I feel that I have some very large shoes to fill. The previous two program managers, Toshihiko Hirai and Takao Kijima, are both very well-known. Hirai-san was the first program manager; he brought the MX-5 into existence with his strong and lasting belief in the car’s potential. And then Kijima-san carried over the concept of Jinba-Ittai, or rider and horse as one, and evolved it to a new level. It is only natural that I feel a tremendous pressure to live up to their legacy. However, saying that, I also have a strong desire to eventually achieve my own unique accomplishments. In order to do that, I believe that we need to further refine the essential appeal of the MX-5 - its fun-to-drive character. And at the same time, I must keep reminding myself that I must work hard to improve my own abilities.
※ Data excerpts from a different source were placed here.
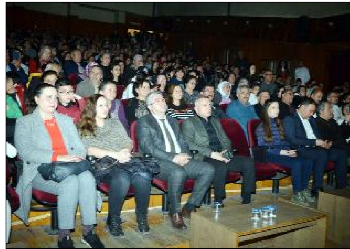
Çorum Devlet Tiyatrosu Salonu, iğne atılsa yere düşmeyecek derecede izleyici yoğunluğuna sahne oldu.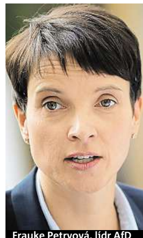
Frauke Petryová, lídr AfD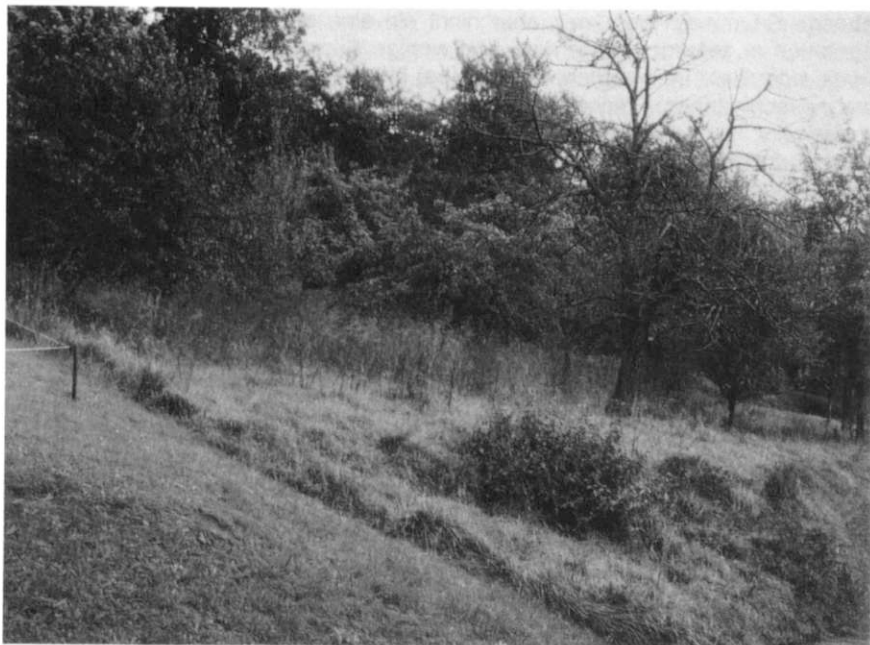
Abb.2.: Habitat der Gestreiften Zartschrecke in versäumten Streuobstwiesen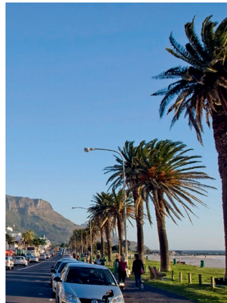
Küstenstraße in Kapstadt

Ihr heutiges Ziel ist die historische Universitätsstadt Stellenbosch. Im Umkreis von 12 km befinden sich 22 Weingüter, von denen viele im kapholländischen Stil erbaut sind. Genießen Sie eine Weinprobe in einem der umliegenden Weingüter. Empfehlenswert ist auch Franschhoek, eine Siedlung, die auch heute noch sehr stark durch die französische Kultur geprägt ist. (F)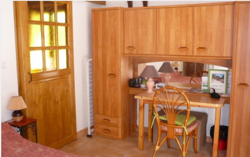
Crédit photo : Gîte La Vinelle G 1083 Fontrieu 81 13 (Gîtes de France)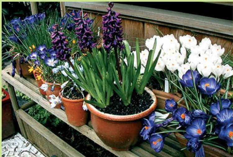
Луковичные растения используют как комнатные растения

В Украине произрастают лилии, тюльпаны, луки, подснежники, белоцветники, пролески, рябчики и другие. Многие из луковичных растений используют как декоративные, овощные (многие виды лука), лекарственные (морской лук, черемша, подснежники и другие). Декоративные луковичные растения выращиваются и как комнатные растения (амариллис, кринум и другие) и как клумбовые (тюльпаны, нарциссы, гиацинты).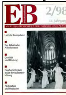
Der didaktische Raum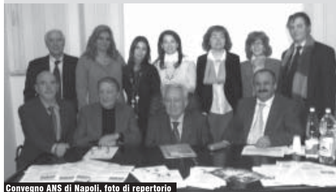
Convegno ANS di Napoli, foto di repertorio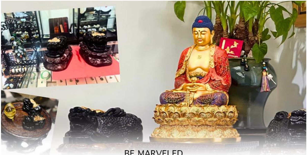
BE MARVELED ศูนย์ปีเซี่ยะ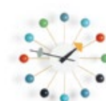
Ball Clock, mehrfarbig, Ø 330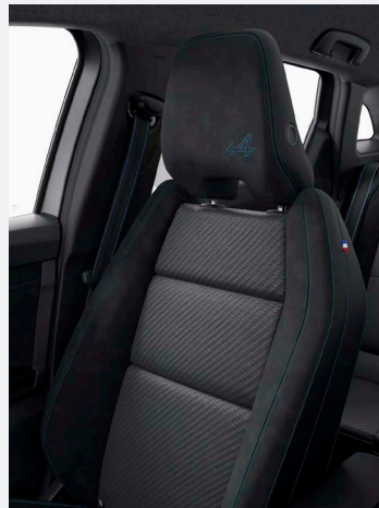
sötét Alcantara bőr betétes szövet üléskárpit Alpine kék varrásokkal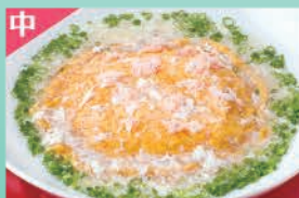
蟹と卵の炒め 淡雪ソース掛け

It has been 21 years since the MX-5 was born. In that time, social trends have changed and requirements for automobiles have become diverse. We must respond to these changes. Sometimes I feel overwhelmed by the flood of information. It adds a degree of complexity and makes it difficult to identify exactly how we should carry the MX-5 forward. At these times, I feel that I can rely on MX-5 owners all over the world who drive and care about their cars; on the members of the media who add their thoughts about the MX-5; and on my counterparts in other companies who share similar ambitions and challenges. I feel strongly that communication and cooperation with them is very important.
I feel that my duty is to further refine the unique values of the MX-5 by determining exactly what people desire and then by identifying what needs to be changed and what needs to stay the same. This kind of vehicle development is what I want to do and also what I feel I must do.